- Born: 4 February 1960 (age 65) Smallfield, Surrey, England
- Genres: Punk rock; post-punk; gothic rock; alternative rock;
- Occupation: Musician
- Instrument: Keyboards
- Years active: 1979–present
- Formerly of: Lockjaw (1977–1978) The Magazine Spies (1978–1979) The Cure (1979–1980) Fools Dance (1983)
- Website: www.thecure.com

= Matthieu Hartley =

British keyboardist

Matthieu Hartley (born 4 February 1960) is an English musician, best known as the keyboardist for The Cure from 1979–1980.

==Biography==
Hartley was born in Smallfield, England, near Crawley, and was a childhood friend of future bandmate Simon Gallup. Hartley and Gallup were both members of the punk bands Lockjaw and the Magazine Spies in the late 1970s. These bands often played alongside early versions of the Cure.

Near the end of 1979, The Cure needed a new bassist following the departure of founding member Michael Dempsey, and recruited Gallup for the position. Gallup suggested adding Hartley as the band's first full-time keyboardist to broaden their sound.

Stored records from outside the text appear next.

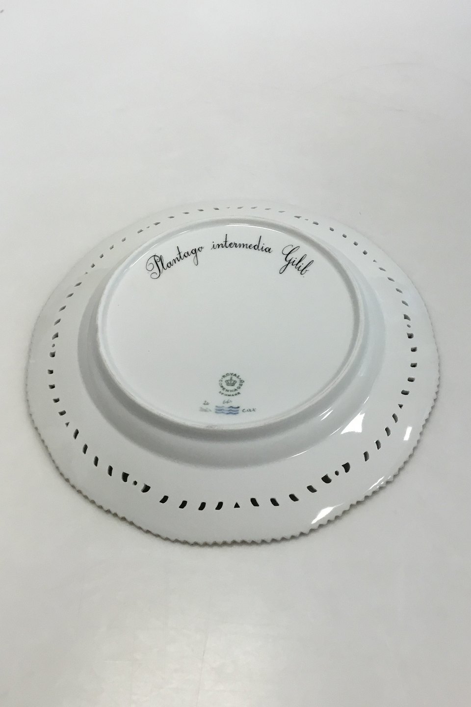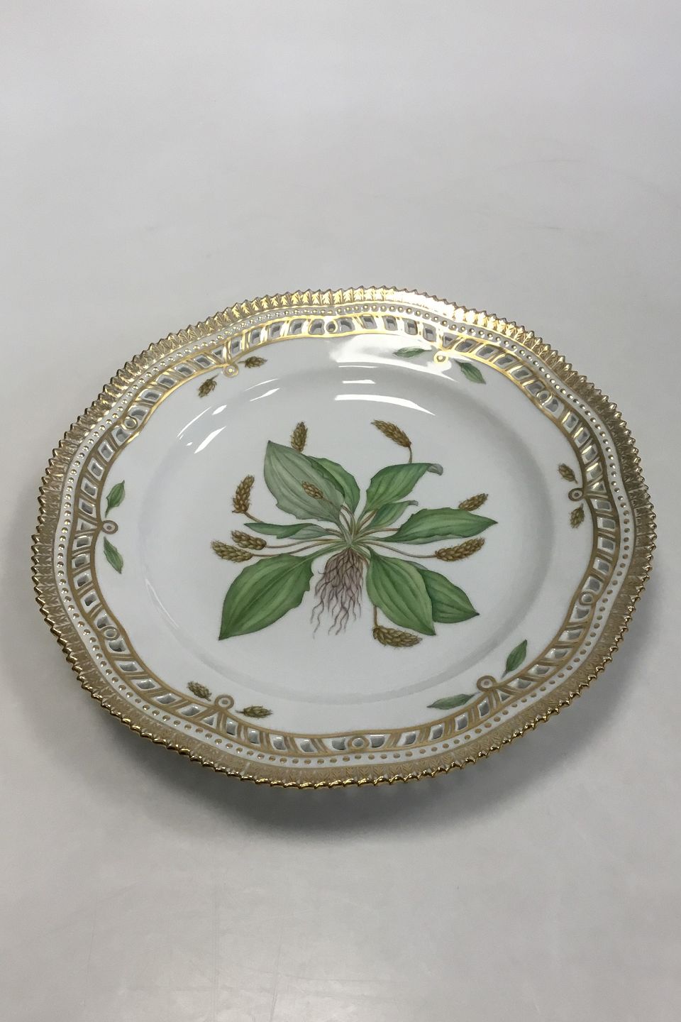 Royal Copenhagen Flora Danica tallerken med gennembrudt kant No 20/3553. Latinsk navn: Plantago intermedia Cjilib. Måler 25,5 cm(10 3/64 in.)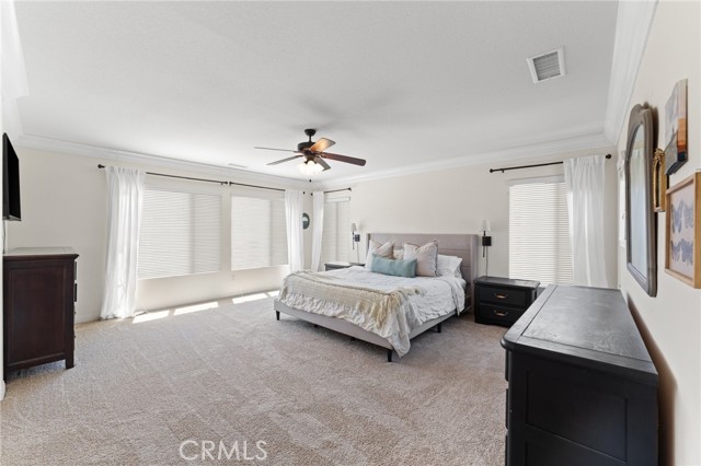 This beautifully upgraded home is nestled in the highly sought-after Harveston Community. At the heart of the home is the inviting family room, seamlessly connected to a sun-drenched kitchen featuring stainless steel appliances, a wine rack, double wall ovens, and a spacious island with seating. With 5 bedrooms, including a lower-level room with its own en-suite bathroom, this home is perfect for guests or can easily be used as an office. The expansive primary suite offers a luxurious retreat with a jetted soaking tub, dual sinks, and a walk-in closet. Step outside to the backyard, where you'll find a stamped concrete patio, a covered area, beautiful planters, and a grassy lawn an ideal space for relaxation and entertaining. Additional highlights include two new dual A/C units, a solar system with an assumable note and a low monthly payment. The home also offers an unbeatable lifestyle with a LOW HOA fee, granting access to an array of fantastic amenities: a 17-acre lake park, fishing, pedal boat rentals, scenic pedestrian walkways, a Jr. Olympic-sized pool, spa, tot lots, a lakefront amphitheater, a 19-acre sports park, a splash park, picnic areas, and a lake house perfect for hosting events. Plus, an elementary school is conveniently located within the community.Interested in this Listing?
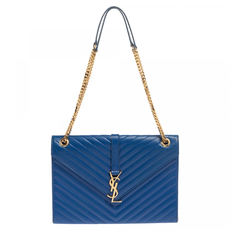 Pre Owned حقيبة سان لوران كاساندري كبيرة قلاب جلد ماتيلاس أزرق
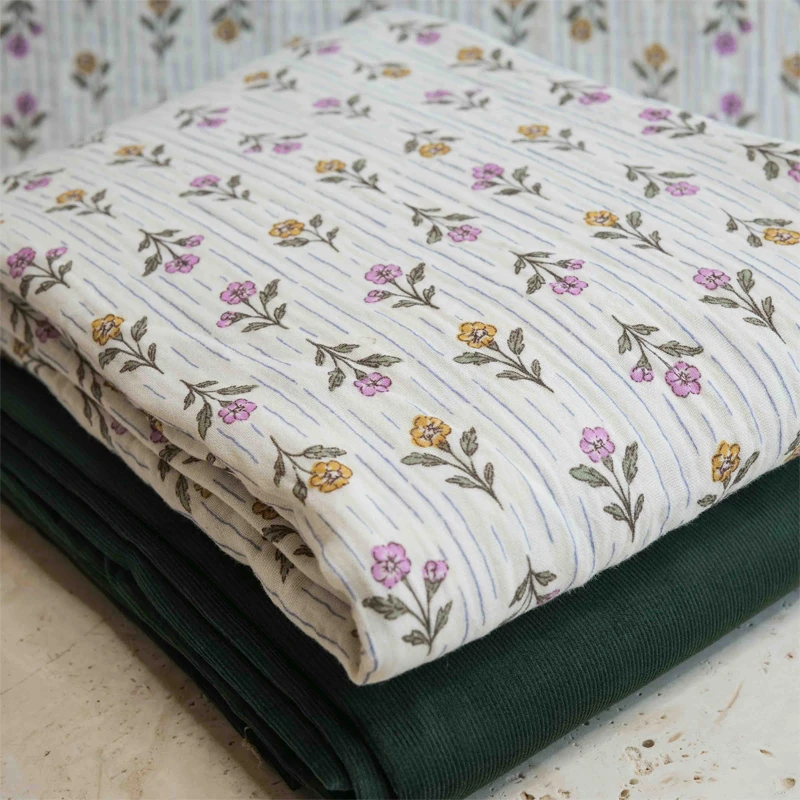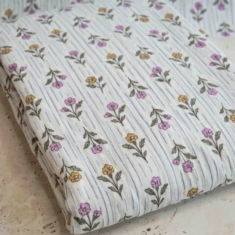 - Effet gaufré : Texture typique de la double gaze qui apporte du relief à l’imprimé fleuri.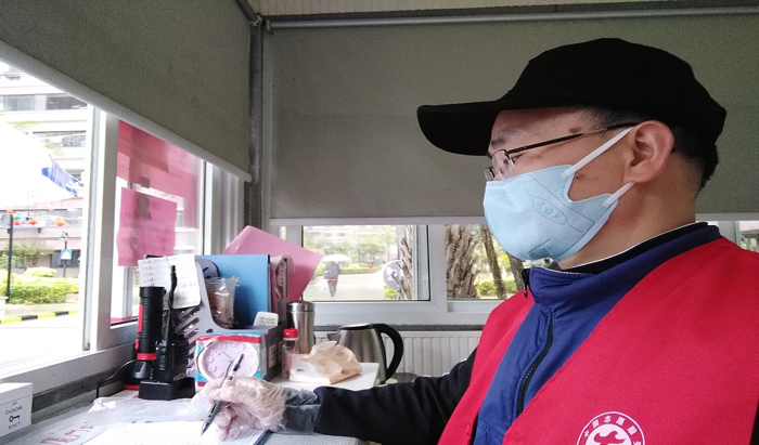 张敦财老师虽然已经退休,但依然多次参加社区防疫工作,发挥党员先锋带头作用。

Hartley was a full member of the Cure for their 1980 album Seventeen Seconds and the ensuing tour. During this period he contributed to the brief Cure side project Cult Hero. He left the band later that year due to disagreements with group leader Robert Smith, and dissatisfaction with the minimalist keyboard requirements in Smith's songs.

After leaving the Cure, Hartley remained friends with Gallup and was an early member of the band that became Fools Dance. He released a solo album under the name Matthieu in 1987, and in 2005 joined the psychedelic rock band The Speak.